Я уже проанализировал файл журнала, используя logstash, и поместил его в elasticsearch. У меня есть поле, называемое IP, и теперь оно отображается как строка. Я хочу преобразовать существующее сопоставление в elasticsearch в geoip без повторного запуска logstash. У меня есть несколько миллионов записей в elasticsearch с этим полем. Я хочу преобразовать отображение IP из строки в geoip во все записи.Преобразование существующего сопоставления полей в geoip
Боюсь, вам все равно придется использовать Logstash для этого, потому что geoip - это фильтр Logstash, и Elasticsearch не имеет доступа к базе данных GeoIP сам по себе.
Не бойтесь, хотя, вам не нужно повторно запустить Logstash на сырье логов, вы можете просто заново индексировать ES документов, используя elasticsearch input плагина и elasticsearch output плагина и лавируя в geoip filter между ними для того, для преобразования поля IP в поле geoip.

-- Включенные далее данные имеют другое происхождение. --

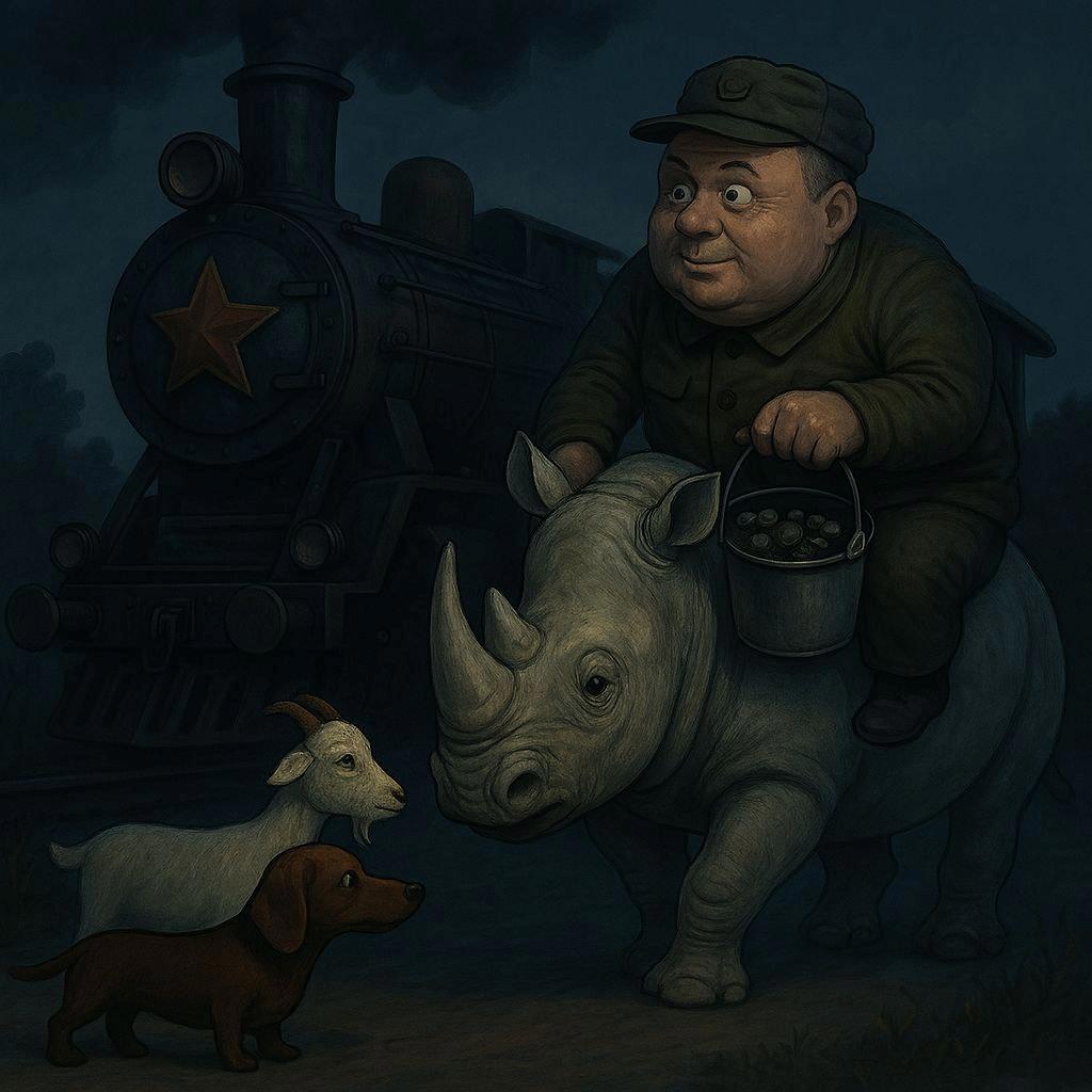 Из темноты вышел силуэт. Круглый, пузатый, с ведром, в котором что-то звякало, как философия на болоте. Рядом с ним — белое существо. Огромное, медленно идущее, будто его катит не судьба, а смирение. На голове у пузатого была шапка с оторванной кокардой, на груди — пятно в форме континента, который никто уже не мог вспомнить.

Поскольку вы не можете изменить отображение текущего поля IP от string до geo_point, нам необходимо убедиться, что ваш индекс готов к глотанию данных GeoIP. Сначала проверьте следующую команду, если ваш индекс уже содержит поле geoip в вашем сопоставлении (которое было бы создано Logstash с использованием стандартного стандартного шаблона logstash-*).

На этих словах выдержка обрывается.